Understand Sidra data lake approach

A detailed introduction to the topic of a data lake as a modern data repository is out of the scope of the current document, but the main idea behind it is to avoid some of the common pitfalls of data products that need to integrate with many data sources by a relaxation of the rules of classical data warehouses.

In opposition to the traditional Data Warehouses, data lakes store the information in the most pure and raw format possible (the concept of inmutable data lake), whether it is structured or unstructured data. This allows to ease the data ingestion logic – shifting the paradigm from ETL to ELTs – and to focus on the usage of this data by each Data Product, which will deal with the application specific data transformations and validations.

Sidra data lake approach provides the following benefits:

The data needs to be loaded only once, in RAW format, on the system
Each Data Product might decide to transform the data in the data lake according to specific business rules or validations. This operation will happen inside the Sidra system, completely integrated with overall Sidra services and metadata model, thus limiting the surface area that needs to be dealt with.

Protection against changes to the provider schemas
Even though most – if not all – data within the system will be structured data, there are benefits to be taken from the schema-on-read approach. Most notably, it will help protect the system against changes from provider schemas.

Security and audit benefits
By using the same storage mechanisms for the raw data, and with the current technologies available, it is easier to control the security.

Reduction in storage costs
Data lake approaches are usually based on clustered or cloud file systems. These allow the employment of much cheaper storage than the traditional relational counterparts, which allows to store a huge historical data set in raw format when otherwise would have been economically impractical.

Data lake architecture

The diagram below provides a high-level overview of Sidra data lake architecture approach:

data-lake-architecture

As can be noted, multiple clients leverage the common storage service to fetch the needed data sets for their operations. Each of these have a separate storage local to the application, which can use a different set of storage and query technologies, that is synchronized from the main repository. In addition to this, there is a set of common services provided through all the system, such as security and auditing.

Data storage (Azure Data Lake Storage)

Azure Data Lake Storage Gen2 (ADLS Gen2) is where all the data for every Provider that is added to the system is going to be stored. Then, any Data Product will be able to request any necessary data to the data lake, and make the necessary transformations based on their own business logic. Data Products thus behave as groups of resources that speak to Sidra data lake to transparently keep the data synchronized and available for data exploitation use cases.

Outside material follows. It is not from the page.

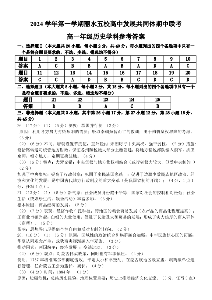 2024学年第一学期丽水五校高中发展共同体高一年级期中联考 历史答案
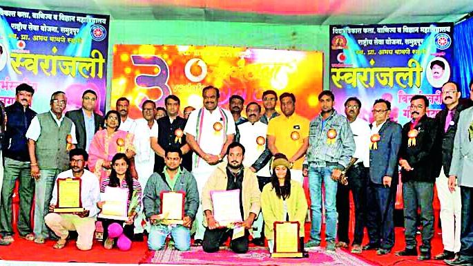 समुद्रपूर : विद्या विकास कला, वाणिज्य व विज्ञान महाविद्यालय समुद्रपूरच्या राष्ट्रीय सेवा योजनेच्यावतीने प्रा. अभय बावणे यांच्या स्मृतीत आयोजित ‘स्वरांजली’ या १९ व्या विदर्भस्तरीय गीतगायन स्पर्धेत यवतमाळचा श्रीकांत टकले प्रथम पुरस्काराचा मनकरी ठरला. तर ब्रह्मपुरीची प्रणाली पाटील व नागपूरची श्रीया मेंढी अनुक्रमे द्वितीय व तृतीय बक्षीसचे मानकरी ठरले.

All the data is stored in an optimized Databricks Delta format. This allows the data to be stored in a compressed, well partitioned and indexed structure, offering support for push-down predicate and aggregations in order to increase the performance.

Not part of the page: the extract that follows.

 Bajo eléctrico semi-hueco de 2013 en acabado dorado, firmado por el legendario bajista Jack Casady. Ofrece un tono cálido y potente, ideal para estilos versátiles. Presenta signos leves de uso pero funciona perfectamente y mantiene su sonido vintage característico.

Data movement (Azure Data Factory)

The data lake will require several ETL/ELT processes to load data from a variety of data sources. By standardizing the way data is ingested in the platform, development efforts to build new ETLs could be reduced.

In addition to that, there is the need of internal data movement for some scenarios like:

  • loading data from the raw storage into the data lake store
  • exporting data from the data lake into an application data mart

Those scenarios are basic processes and can be implemented with a very limited feature set, so the more sensible approach would be to use the same technology for both cases, if possible.

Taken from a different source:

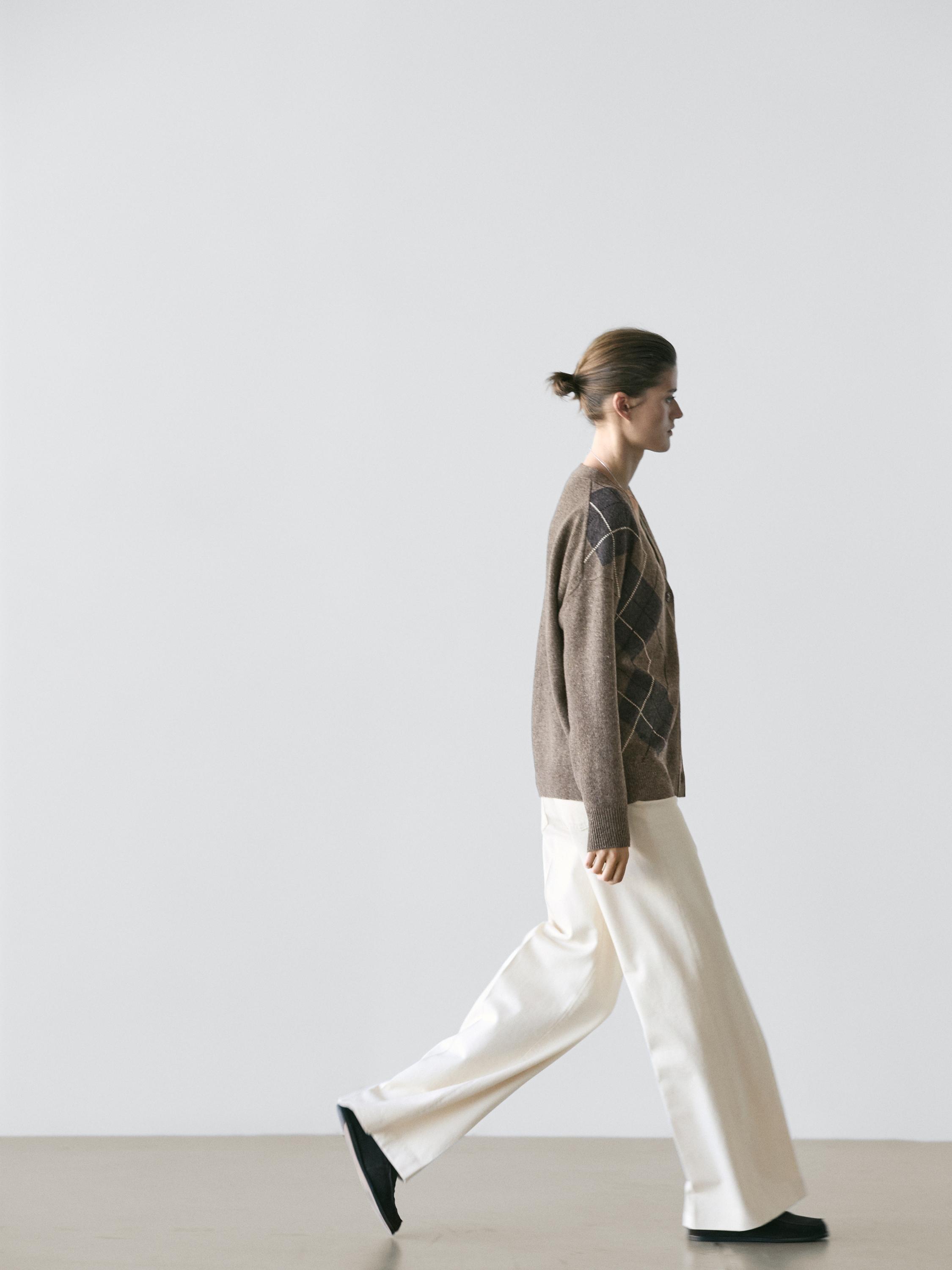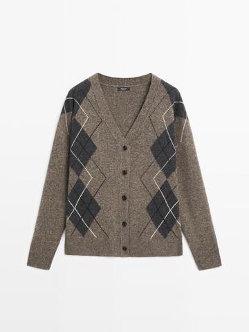 Massimo Dutti Кардиган из шерстяного трикотажа с узором «ромбы», кротово-коричневый

The selected technology for this kind of task is Azure Data Factory V2 (ADF). Azure Data Factory is a globally deployed data movement service in the cloud, which orchestrates and automates the movement and transformation of data both in the cloud and on-premises.

Multiple data lake regions

Sidra supports one or several Data Storage Units (DSUs). Each DSU in Sidra is basically a resource group integrated with Sidra Service services, and which includes all types of servies related to data intake and data processing in Sidra.

Each DSU is independently deployable, and could be installed each in a different region if required. Each DSU contains the following parts:

  • An ingestion zone (or landing zone)
  • A raw storage
  • An optimized storage (ADLS Gen 2 storage)

data-lake-multiple-regions

All the DSUs will share the Sidra Service common services provided by Sidra. The Sidra Service will contain information about each DSU and its configuration, e.g., Azure Storage accounts used and the purpose for each one. This information allows Sidra Service to orchestrate the process involving any of the DSUs.

Each DSU can reside in a different Azure region and can be different from the region in which Sidra Service resides. That regional distribution provides the versatility needed to support business requirements, e.g., the storage facilities for some data in particular must reside in a specific country.

The Data Products can be configured to access the data stored in one or several DSUs.


Last update: 2023-07-07